Most of the time Java is doing well enough. But there is still a possibility that outofmemoryerror (OOM) will occur. So how do we analyze a oom error? get a memory dump Mode 1: Automatic Dump

When oom occurs, Java can automatically try (best effort) to generate a heap dump. You just need to add the following parameter to the startup parameter:

-xx:+heapdumponoutofmemoryerror

The files generated in this way are in the Java working directory, named Java_pidxxx.hprof mode 2: Manual dumps

Sometimes you can already find that a Java process takes up a lot of memory. It's time to manually export a heap of memory.
Use Jmap. Jmap is a JDK's own tool, under Jdk/bin,

Jmap-dump:format=b,file=heap.bin <pid>   
jmap-f-dump:format=b,file=heap.bin <pid>  forced export

It is important to use the Jmap tool that is the same as the one you run the jre** version for compatibility reasons. Using tool analysis

Common memory analysis tools are Eclipse's memory analyzer and JVISUALVM. Eclispe Memory Analyzer/mat

This is a Visual memory analysis tool launched by Eclipse.
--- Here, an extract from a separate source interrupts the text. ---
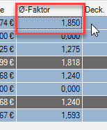 | Durchschnittlicher Faktor | Der Aufschlag über alle Positionen im Durchschnitt |

Many of the components in it are easy to use:
1. Histogram lists how many instance each class has
2. Leak suspects lists the areas where the tool feels that there may be memory leaks.

For example, the following image of the leak suspects page:

As can be seen from the figure above, the finalizer thread consumes 860M of RAM, about 93% of the space.
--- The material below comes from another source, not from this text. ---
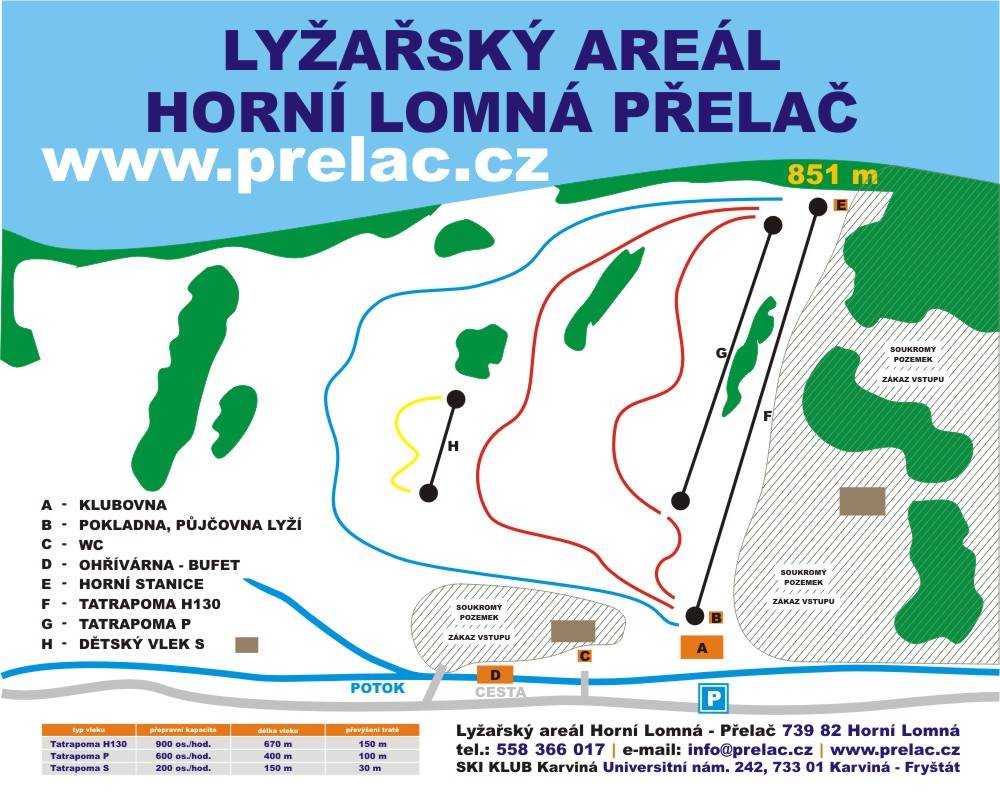 Pistenplan vom Skigebiet Přelač – Horní Lomná

If these standard pages don't allow you to get what you care about, you can use the OQL console. is the 4th icon in the upper-left corner of the above figure.
With OQL we can do a lot of things, such as listing which objects the finalizer object refers to:
List URLs for all urlconnection:

SELECT f.referent.url.tostring () from Java.lang.ref.Finalizer F WHERE f.referent.tostring (). StartsWith (" Sun.net.www.protocol.https.HttpsURLConnectionImpl ")

Mat's OQL reference address: http://help.eclipse.org/neon/index.jsp?topic=/org.eclipse.mat.ui.help/welcome.html More powerful JVISUALVM.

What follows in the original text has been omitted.